> _EXERCISE_
In the listing below, find the line that contains "Skład: grzyby uprawne" and the line that contains "Als das erste". Quote both and every line between them, exactly, and nothing more.

[PROVIDED RECORDS]

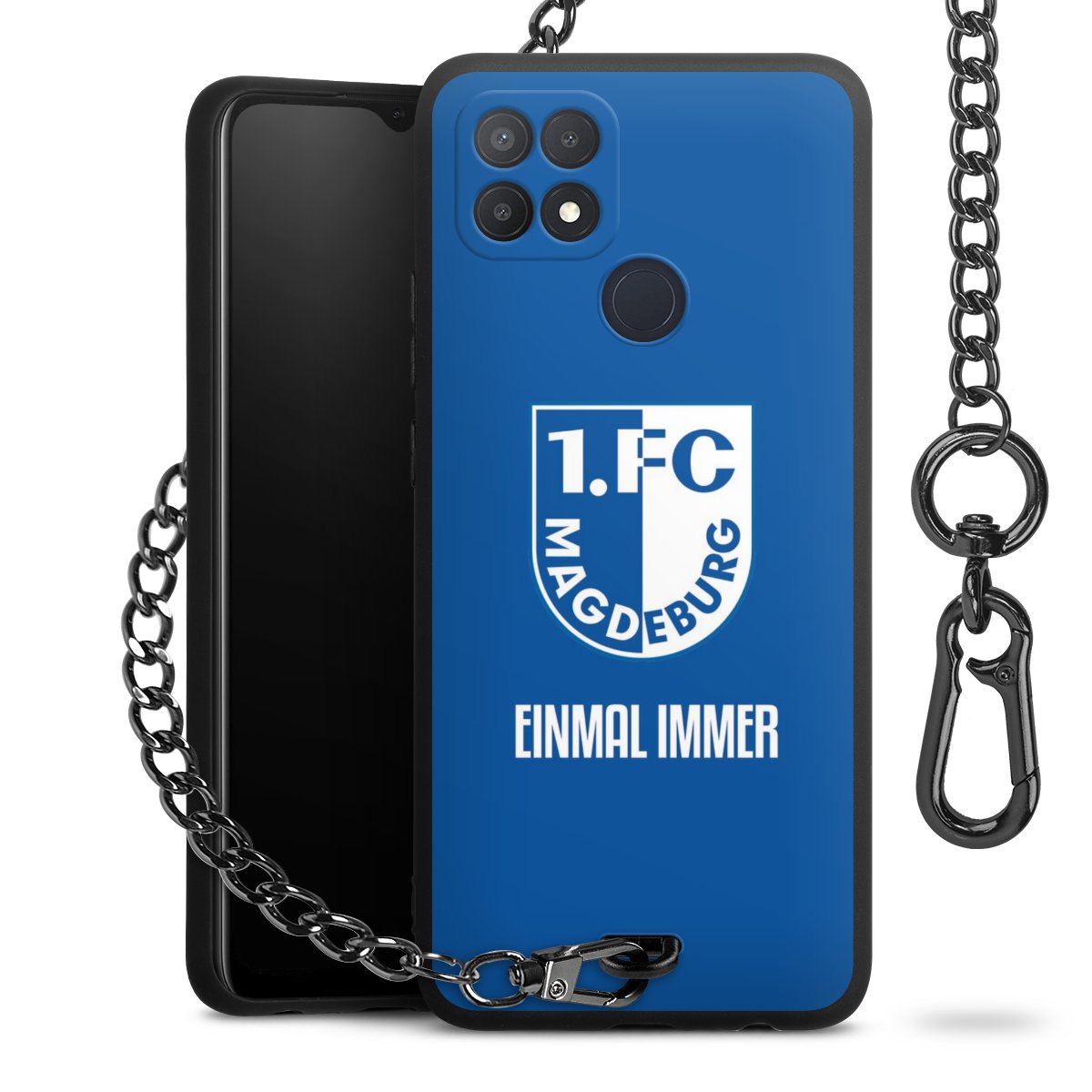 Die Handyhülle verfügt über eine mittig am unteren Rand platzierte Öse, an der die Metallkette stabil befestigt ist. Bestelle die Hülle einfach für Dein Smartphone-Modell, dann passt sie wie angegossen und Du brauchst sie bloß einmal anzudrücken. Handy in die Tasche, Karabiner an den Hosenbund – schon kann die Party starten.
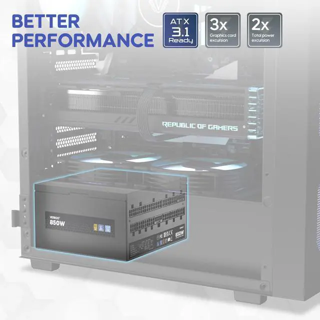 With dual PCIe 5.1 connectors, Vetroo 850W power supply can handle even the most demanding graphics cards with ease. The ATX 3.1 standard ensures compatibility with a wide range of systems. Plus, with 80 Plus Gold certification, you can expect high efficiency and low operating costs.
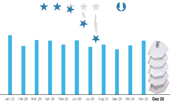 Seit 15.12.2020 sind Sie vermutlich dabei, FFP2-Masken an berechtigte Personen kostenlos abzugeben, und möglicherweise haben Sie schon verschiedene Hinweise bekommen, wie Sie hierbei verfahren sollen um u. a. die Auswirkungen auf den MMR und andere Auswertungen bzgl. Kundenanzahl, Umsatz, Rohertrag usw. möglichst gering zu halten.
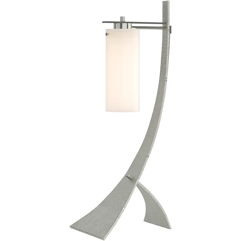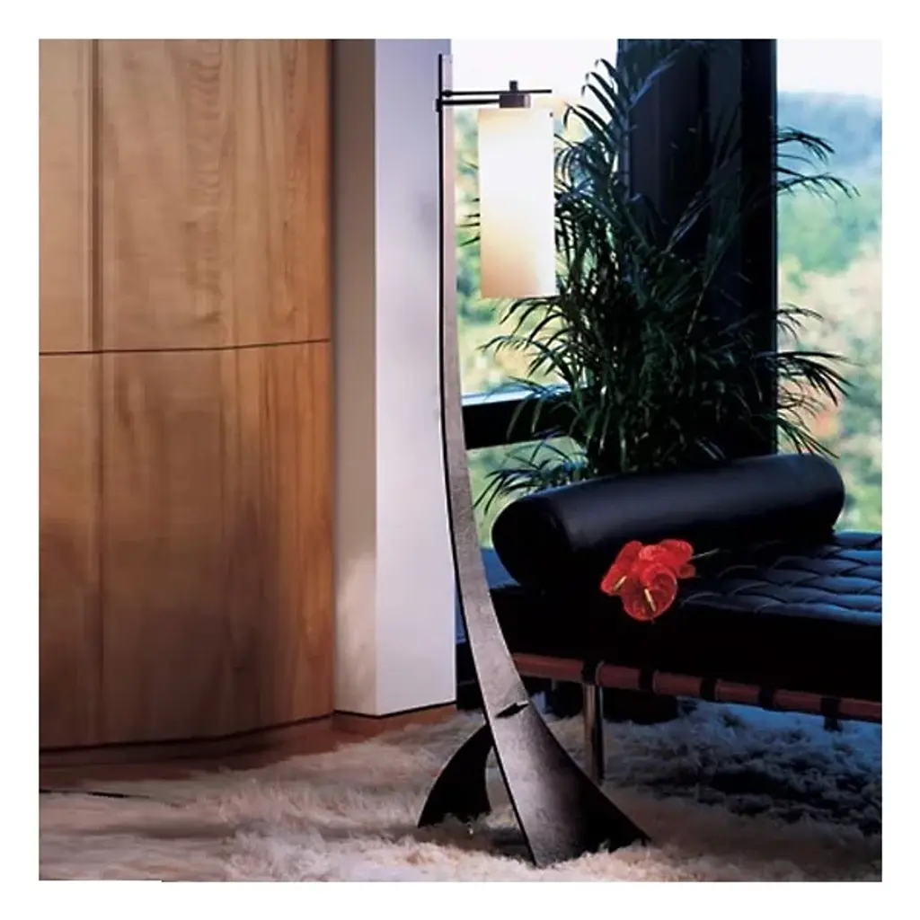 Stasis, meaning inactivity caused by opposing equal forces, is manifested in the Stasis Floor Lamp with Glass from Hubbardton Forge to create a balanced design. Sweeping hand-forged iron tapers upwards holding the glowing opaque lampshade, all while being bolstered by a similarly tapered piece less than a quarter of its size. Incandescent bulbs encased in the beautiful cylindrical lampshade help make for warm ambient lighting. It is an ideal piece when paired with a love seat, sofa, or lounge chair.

[/PROVIDED RECORDS]
[PROVIDED RECORDS]

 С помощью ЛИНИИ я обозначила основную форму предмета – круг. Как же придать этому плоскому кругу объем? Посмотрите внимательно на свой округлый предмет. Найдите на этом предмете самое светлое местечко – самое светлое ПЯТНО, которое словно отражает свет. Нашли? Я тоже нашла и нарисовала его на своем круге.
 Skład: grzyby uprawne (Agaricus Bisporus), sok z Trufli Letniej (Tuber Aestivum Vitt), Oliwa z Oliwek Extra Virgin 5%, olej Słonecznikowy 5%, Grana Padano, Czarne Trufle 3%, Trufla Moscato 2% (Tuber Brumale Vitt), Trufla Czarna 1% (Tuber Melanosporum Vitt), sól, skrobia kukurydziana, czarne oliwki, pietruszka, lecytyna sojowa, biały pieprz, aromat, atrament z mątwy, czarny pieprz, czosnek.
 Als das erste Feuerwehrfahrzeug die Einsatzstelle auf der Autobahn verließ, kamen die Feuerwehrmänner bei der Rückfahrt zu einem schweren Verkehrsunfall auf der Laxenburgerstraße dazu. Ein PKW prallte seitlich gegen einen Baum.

[/PROVIDED RECORDS]

> _ANSWER TO THE PROBLEM_
 Skład: grzyby uprawne (Agaricus Bisporus), sok z Trufli Letniej (Tuber Aestivum Vitt), Oliwa z Oliwek Extra Virgin 5%, olej Słonecznikowy 5%, Grana Padano, Czarne Trufle 3%, Trufla Moscato 2% (Tuber Brumale Vitt), Trufla Czarna 1% (Tuber Melanosporum Vitt), sól, skrobia kukurydziana, czarne oliwki, pietruszka, lecytyna sojowa, biały pieprz, aromat, atrament z mątwy, czarny pieprz, czosnek.
 Als das erste Feuerwehrfahrzeug die Einsatzstelle auf der Autobahn verließ, kamen die Feuerwehrmänner bei der Rückfahrt zu einem schweren Verkehrsunfall auf der Laxenburgerstraße dazu. Ein PKW prallte seitlich gegen einen Baum.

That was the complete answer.